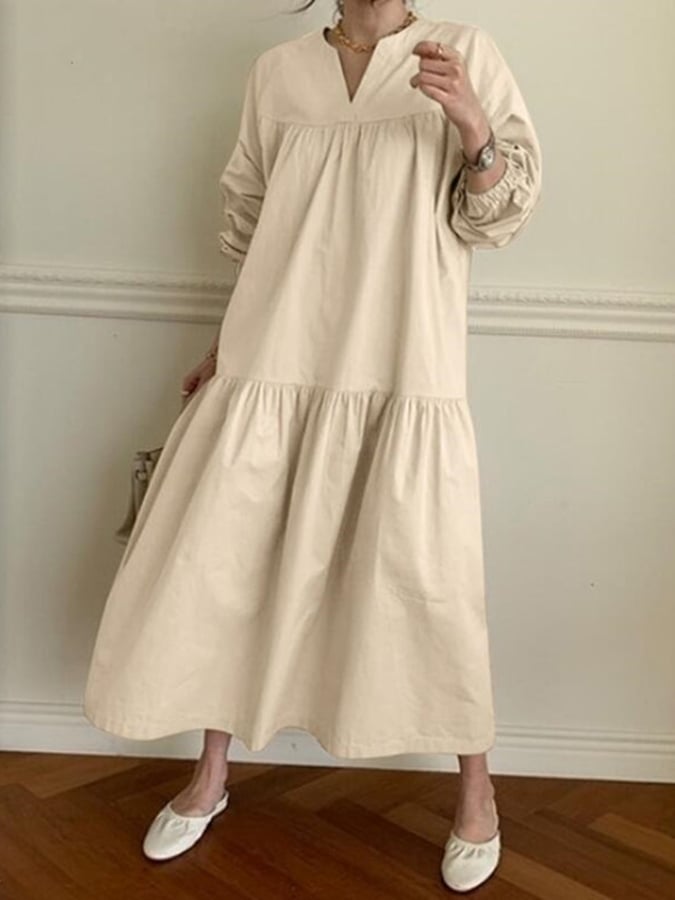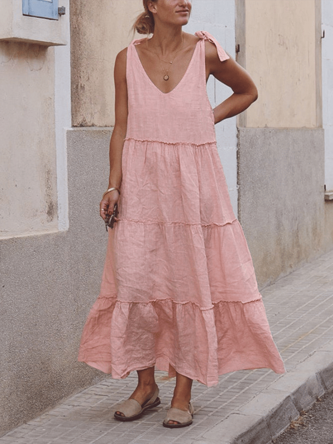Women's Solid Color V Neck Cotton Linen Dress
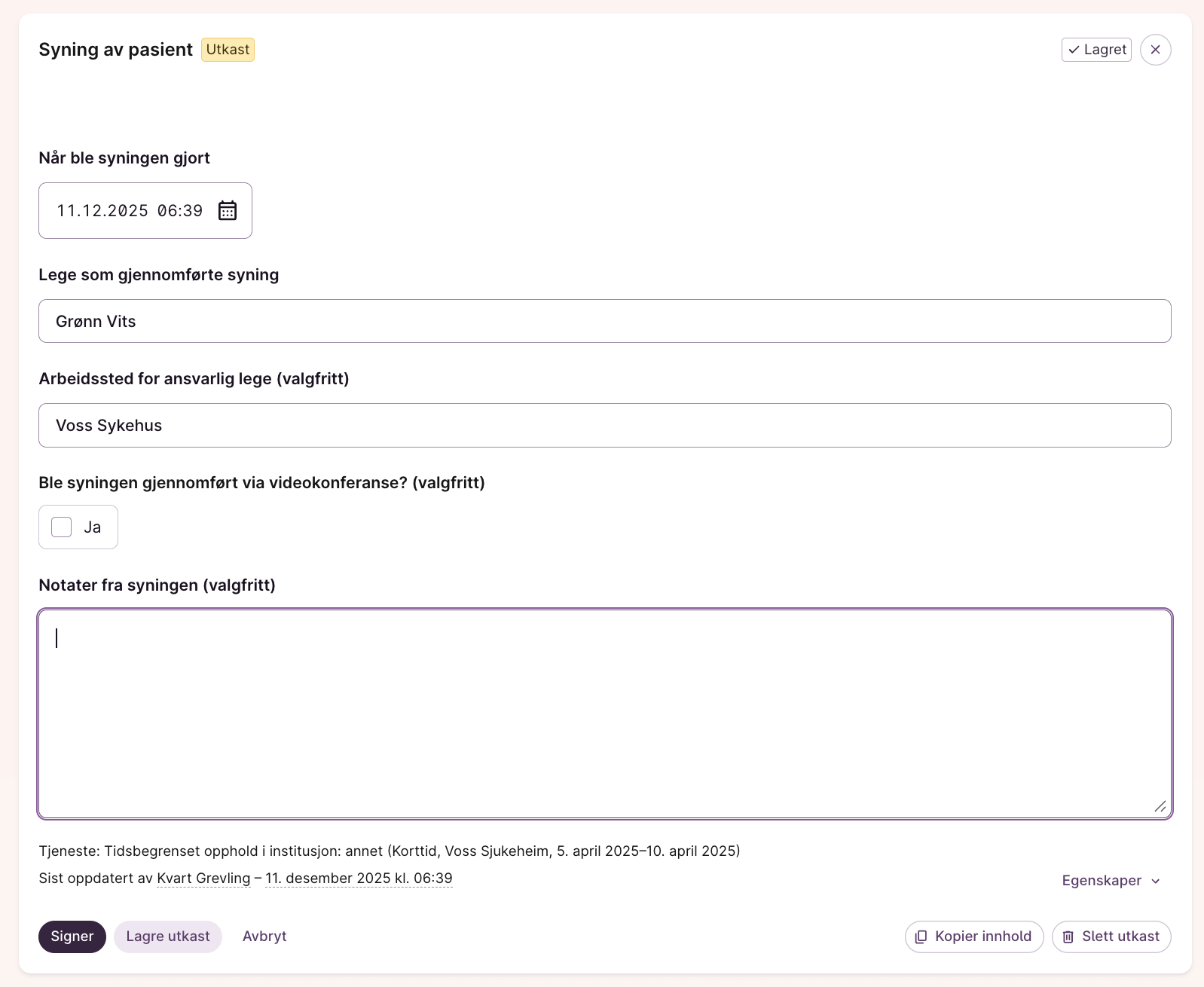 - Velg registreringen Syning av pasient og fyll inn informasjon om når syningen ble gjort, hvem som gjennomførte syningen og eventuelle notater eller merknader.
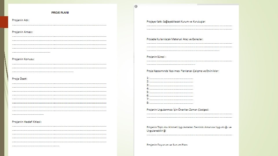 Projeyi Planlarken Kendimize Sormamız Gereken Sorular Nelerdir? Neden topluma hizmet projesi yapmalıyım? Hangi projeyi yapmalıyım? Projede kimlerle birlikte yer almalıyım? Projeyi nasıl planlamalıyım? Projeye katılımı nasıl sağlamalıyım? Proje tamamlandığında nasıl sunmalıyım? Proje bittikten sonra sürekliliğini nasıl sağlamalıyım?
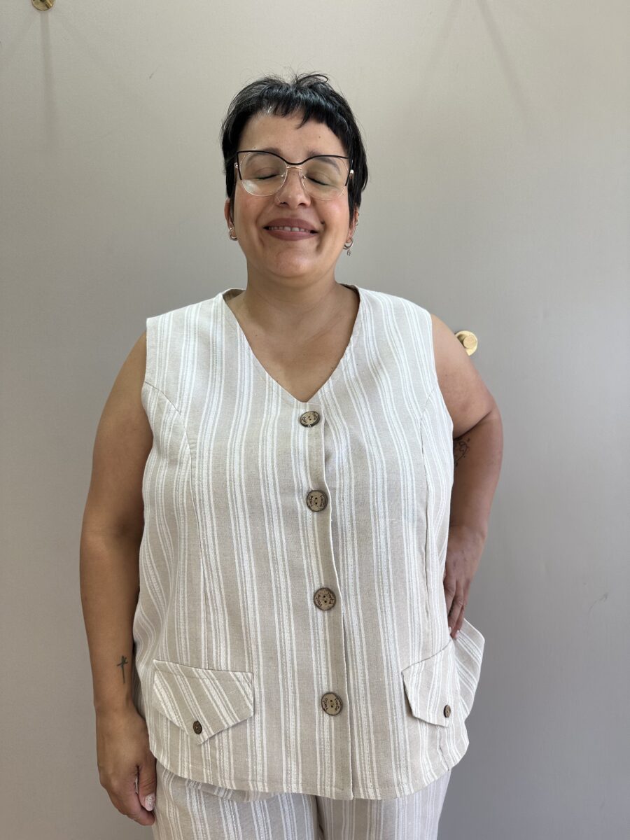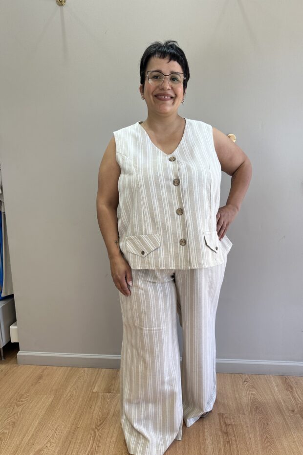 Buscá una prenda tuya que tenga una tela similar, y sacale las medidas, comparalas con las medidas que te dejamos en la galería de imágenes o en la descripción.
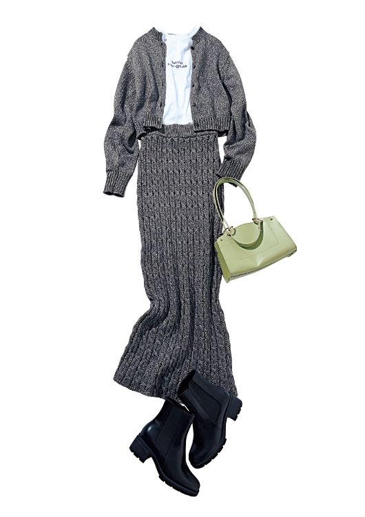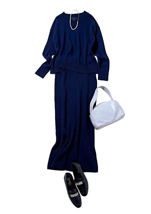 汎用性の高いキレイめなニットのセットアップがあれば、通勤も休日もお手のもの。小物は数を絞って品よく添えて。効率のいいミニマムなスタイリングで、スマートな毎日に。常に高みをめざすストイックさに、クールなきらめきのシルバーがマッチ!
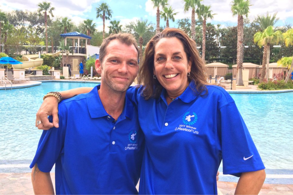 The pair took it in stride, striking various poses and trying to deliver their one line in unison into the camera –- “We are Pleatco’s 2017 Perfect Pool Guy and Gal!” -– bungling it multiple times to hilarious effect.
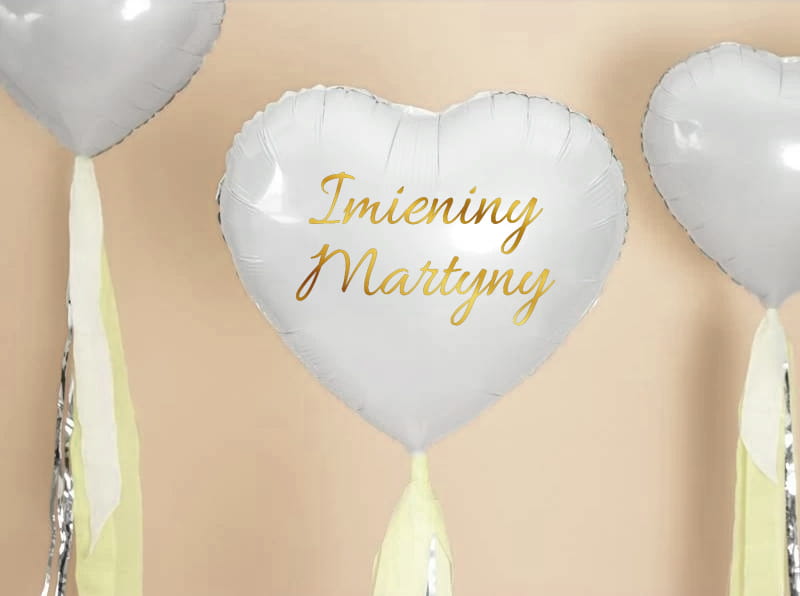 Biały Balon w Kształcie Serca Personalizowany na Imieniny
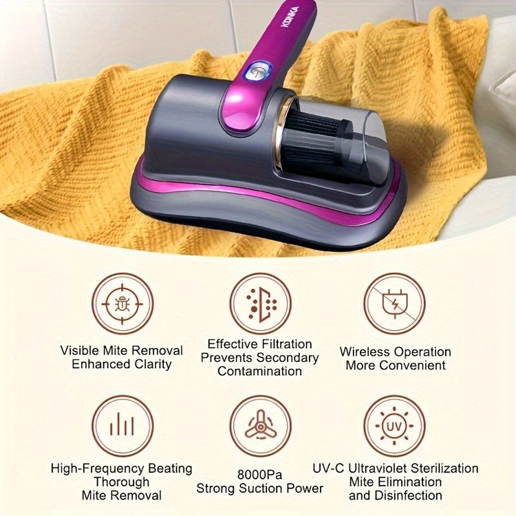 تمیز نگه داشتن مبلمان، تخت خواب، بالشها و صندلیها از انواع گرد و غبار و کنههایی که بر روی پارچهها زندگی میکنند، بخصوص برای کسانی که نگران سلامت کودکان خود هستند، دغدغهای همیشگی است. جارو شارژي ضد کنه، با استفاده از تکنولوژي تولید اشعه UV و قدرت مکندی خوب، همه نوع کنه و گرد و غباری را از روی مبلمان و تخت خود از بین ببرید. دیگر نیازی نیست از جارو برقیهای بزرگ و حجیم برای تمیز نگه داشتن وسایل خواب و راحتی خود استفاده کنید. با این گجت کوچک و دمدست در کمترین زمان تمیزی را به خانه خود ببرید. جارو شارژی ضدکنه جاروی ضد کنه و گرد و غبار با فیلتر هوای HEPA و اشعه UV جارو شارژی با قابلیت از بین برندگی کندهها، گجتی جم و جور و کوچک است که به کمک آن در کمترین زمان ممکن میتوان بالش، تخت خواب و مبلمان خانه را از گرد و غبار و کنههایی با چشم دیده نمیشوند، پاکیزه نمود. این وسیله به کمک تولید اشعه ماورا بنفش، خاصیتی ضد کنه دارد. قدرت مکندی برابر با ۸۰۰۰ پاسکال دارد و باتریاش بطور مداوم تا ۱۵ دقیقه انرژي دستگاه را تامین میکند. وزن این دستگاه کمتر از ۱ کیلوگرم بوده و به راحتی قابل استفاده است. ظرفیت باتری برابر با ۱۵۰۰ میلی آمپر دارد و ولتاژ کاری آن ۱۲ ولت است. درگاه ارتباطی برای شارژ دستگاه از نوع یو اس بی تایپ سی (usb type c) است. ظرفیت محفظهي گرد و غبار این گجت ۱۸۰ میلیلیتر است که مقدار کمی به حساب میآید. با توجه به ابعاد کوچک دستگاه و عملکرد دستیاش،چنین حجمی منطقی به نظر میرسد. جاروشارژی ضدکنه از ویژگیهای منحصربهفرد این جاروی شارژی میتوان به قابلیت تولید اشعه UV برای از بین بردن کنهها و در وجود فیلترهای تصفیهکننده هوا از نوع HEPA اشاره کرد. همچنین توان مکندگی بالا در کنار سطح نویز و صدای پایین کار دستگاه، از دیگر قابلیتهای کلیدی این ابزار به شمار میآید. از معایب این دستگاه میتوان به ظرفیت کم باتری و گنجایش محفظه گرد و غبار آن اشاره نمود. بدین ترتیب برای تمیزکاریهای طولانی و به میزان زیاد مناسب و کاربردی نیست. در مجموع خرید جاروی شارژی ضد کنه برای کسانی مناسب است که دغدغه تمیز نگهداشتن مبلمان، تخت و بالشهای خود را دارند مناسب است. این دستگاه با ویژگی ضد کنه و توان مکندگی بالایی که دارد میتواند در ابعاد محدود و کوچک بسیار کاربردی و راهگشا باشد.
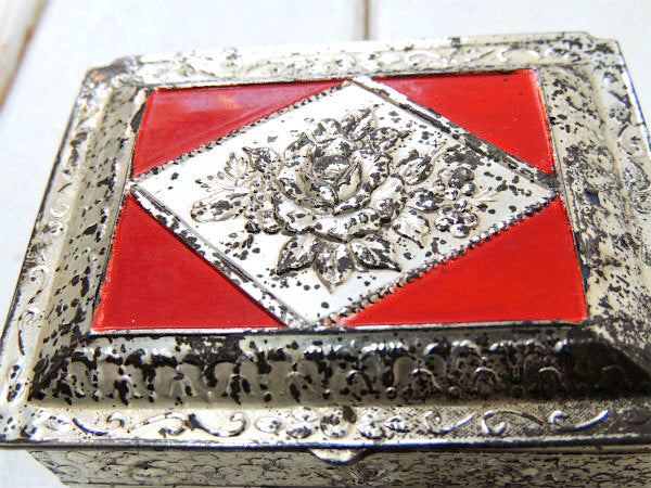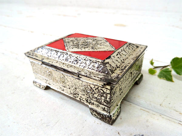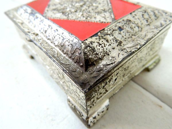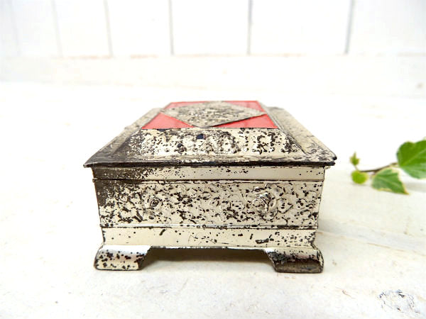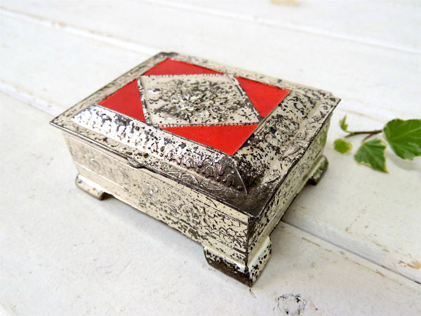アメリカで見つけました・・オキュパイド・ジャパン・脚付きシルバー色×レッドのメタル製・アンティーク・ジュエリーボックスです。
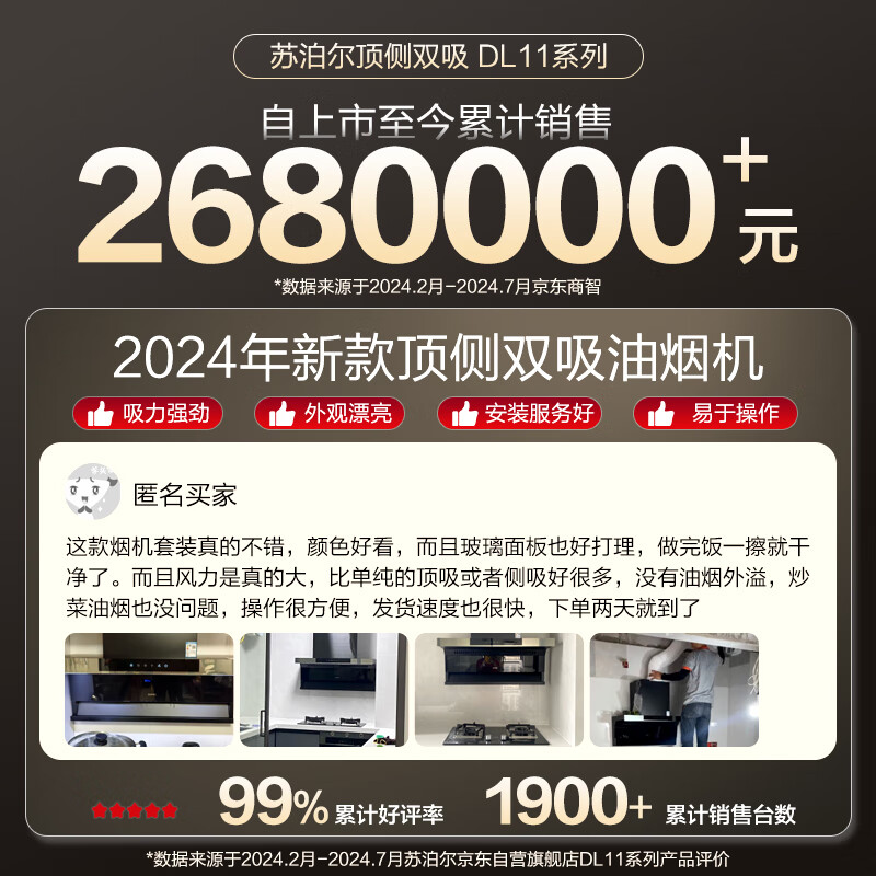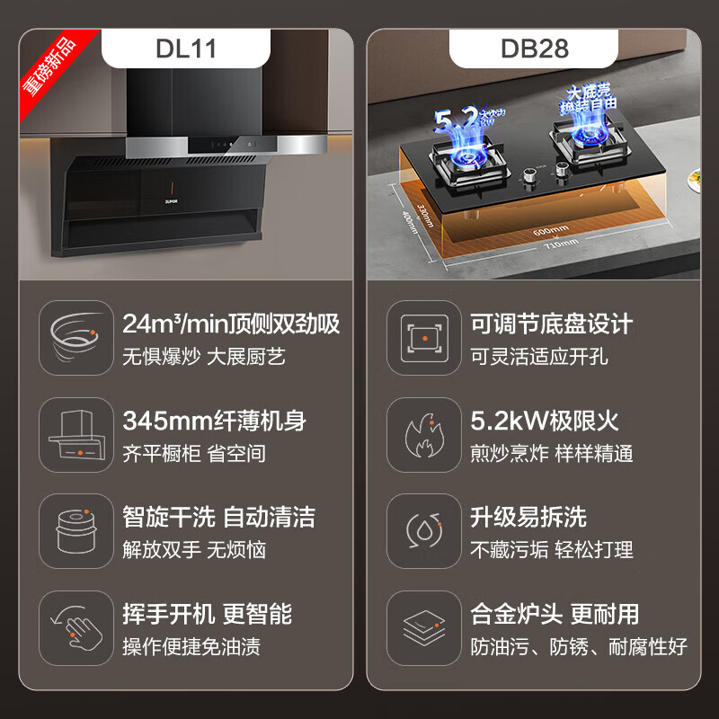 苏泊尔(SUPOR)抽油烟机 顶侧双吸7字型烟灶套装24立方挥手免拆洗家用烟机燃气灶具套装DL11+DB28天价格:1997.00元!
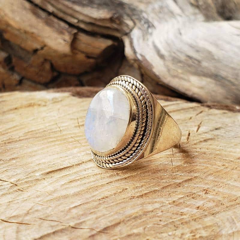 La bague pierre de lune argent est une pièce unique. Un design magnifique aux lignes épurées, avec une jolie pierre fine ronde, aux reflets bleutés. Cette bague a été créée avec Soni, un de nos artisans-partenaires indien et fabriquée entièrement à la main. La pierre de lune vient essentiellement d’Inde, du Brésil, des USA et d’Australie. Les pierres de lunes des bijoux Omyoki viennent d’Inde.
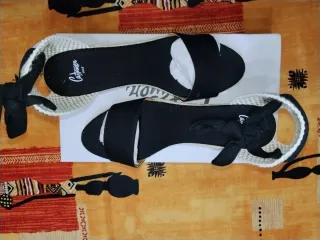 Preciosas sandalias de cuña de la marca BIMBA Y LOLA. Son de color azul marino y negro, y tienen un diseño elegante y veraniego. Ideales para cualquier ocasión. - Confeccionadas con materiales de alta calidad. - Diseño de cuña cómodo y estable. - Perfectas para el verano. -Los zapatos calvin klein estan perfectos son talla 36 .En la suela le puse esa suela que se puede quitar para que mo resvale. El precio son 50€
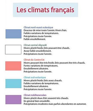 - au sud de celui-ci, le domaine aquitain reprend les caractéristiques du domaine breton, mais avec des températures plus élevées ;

* **TASK GOAL**: Leave out the images and write out the lines above exactly, from the one with "- Velg registreringen" up to and including the one with "Biały Balon w".

* **RESULT BELOW**:
 - Velg registreringen Syning av pasient og fyll inn informasjon om når syningen ble gjort, hvem som gjennomførte syningen og eventuelle notater eller merknader.
 Projeyi Planlarken Kendimize Sormamız Gereken Sorular Nelerdir? Neden topluma hizmet projesi yapmalıyım? Hangi projeyi yapmalıyım? Projede kimlerle birlikte yer almalıyım? Projeyi nasıl planlamalıyım? Projeye katılımı nasıl sağlamalıyım? Proje tamamlandığında nasıl sunmalıyım? Proje bittikten sonra sürekliliğini nasıl sağlamalıyım?
 Buscá una prenda tuya que tenga una tela similar, y sacale las medidas, comparalas con las medidas que te dejamos en la galería de imágenes o en la descripción.
 汎用性の高いキレイめなニットのセットアップがあれば、通勤も休日もお手のもの。小物は数を絞って品よく添えて。効率のいいミニマムなスタイリングで、スマートな毎日に。常に高みをめざすストイックさに、クールなきらめきのシルバーがマッチ!
 The pair took it in stride, striking various poses and trying to deliver their one line in unison into the camera –- “We are Pleatco’s 2017 Perfect Pool Guy and Gal!” -– bungling it multiple times to hilarious effect.
 Biały Balon w Kształcie Serca Personalizowany na Imieniny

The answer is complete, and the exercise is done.